*** Opening RECORDS FOR PROCESSING ***

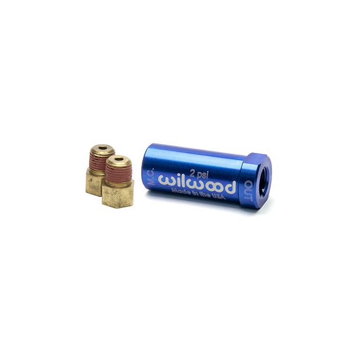 Wilwood's two, four and ten pound residual pressure valves retain a minimum brake line pressure to help eliminate excessive pedal travel in both disc and drum brake systems. The two pound valve is used in disc brake applications where the master cylinder is mounted below the horizontal plane of the calipers and fluid drain back occurs from gravity and vibration, thereby causing excessive caliper piston retraction and a longer brake pedal stroke. The minimal two pound residual pressure prevents fluid from flowing back without causing the brakes to drag. Four pound valves can be beneficial in high vibration brake sytems such as off-road or dirt circle track racing. With drum brakes, a ten pound valve is used to compensate for return spring tension and maintain wheel cylinder sealing in the drums. Residual Pressure Valves are made from billet aluminum and color coded for easy identification. Valves with fittings are supplied with two 1/8-27 NPT to 3/8-24 inverted flare female fittings that will fit most domestic 3/16th hard brake lines.
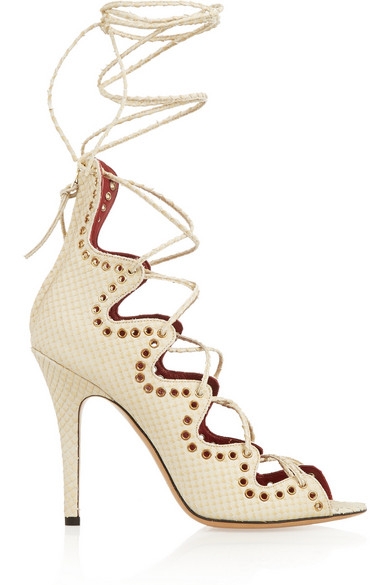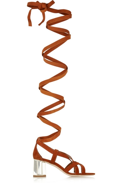 Tour à tour monacales ou ultra sensuelles, les lanières font parties des artifices de prédilection de la saison. Oui mais voilà, très connotées et peu faciles à vivre, ces dernières peuvent vite se révéler too much ou peu flatteuses. On évitera donc les modèles alliant talons aiguilles et fins liens de cuir enserrant la jambe (Gianvito Rossi), ainsi que les sandales ultra plates bien trop premier degré (Valentino, Miu Miu). Et si l'on délaissera les lanières montant juste en dessous du genou au profit de modèles s'arrêtant au bas du mollet (Isabel Marant, Aquazzura), on essaiera également de trouver le juste milieu entre semelles ultra plates et talons vertigineux en optant soit pour des compensées sages et maîtrisées, soit pour des talons praticables, soit pour des modèles ne se prenant pas au sérieux.
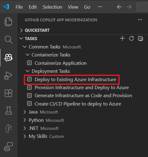В разделе "Задачи " откройте "Задачи развертывания " и выберите "Развернуть в существующей инфраструктуре Azure".
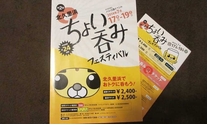 3枚のちょい呑みチケット+300円相当のおつまみと交換できるマル得チケットがついて、開催前日の明日までは前売り価格の2,400円で買えちゃいます。
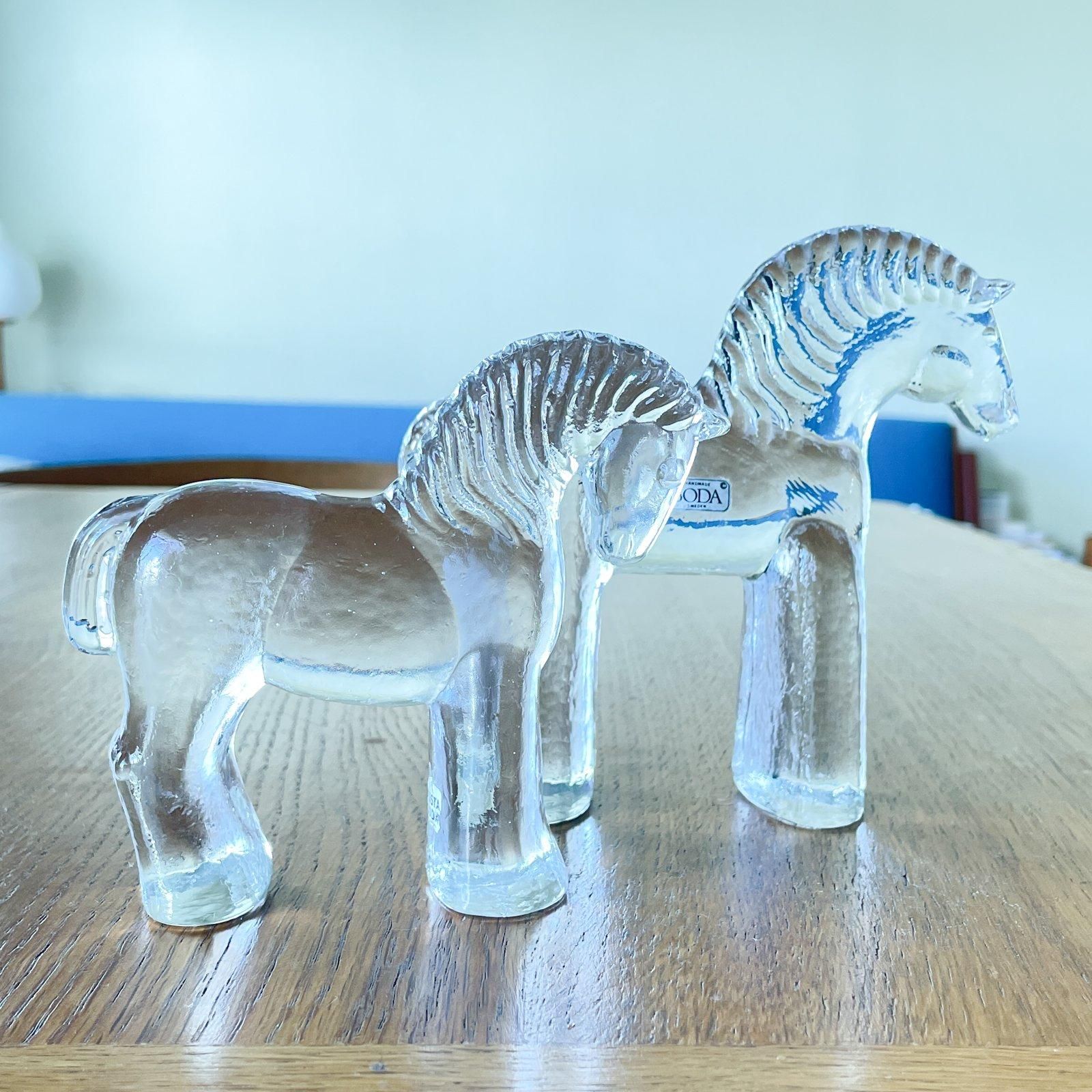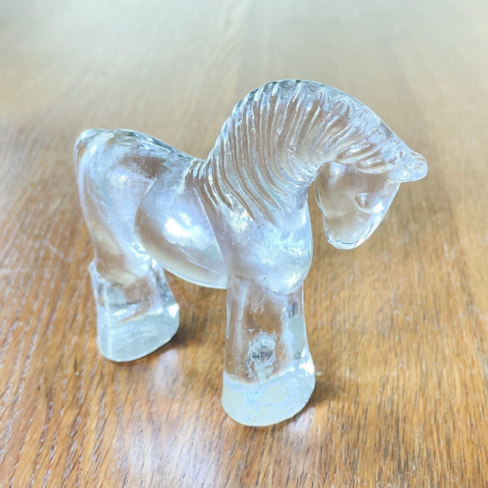スウェーデンの老舗ガラスメーカー・KOSTA BODA社で、1970年代に手作りされていた、クリスタルガラスの馬です。デザイナーはBertil Vallien | バーティル・ヴァリエンです。ふさふさの立髪やしっぽ、うつむいた顔につぶらな瞳。馬のやさしい表情をこまかく表現しています。ハンドメイドガラスのゆらぎもまたこの作品の魅力を引き立てています。裏面はフラットなのでペーパーウェイトとしても使えます。

*** Closing RECORDS FOR PROCESSING ***

PROBLEM DESCRIPTION: Starting at the line that holds "3枚のちょい呑みチケット+3", copy each line exactly through the end of the listing, both ends included. Leave the pictures out.

REPLY:
 3枚のちょい呑みチケット+300円相当のおつまみと交換できるマル得チケットがついて、開催前日の明日までは前売り価格の2,400円で買えちゃいます。
スウェーデンの老舗ガラスメーカー・KOSTA BODA社で、1970年代に手作りされていた、クリスタルガラスの馬です。デザイナーはBertil Vallien | バーティル・ヴァリエンです。ふさふさの立髪やしっぽ、うつむいた顔につぶらな瞳。馬のやさしい表情をこまかく表現しています。ハンドメイドガラスのゆらぎもまたこの作品の魅力を引き立てています。裏面はフラットなのでペーパーウェイトとしても使えます。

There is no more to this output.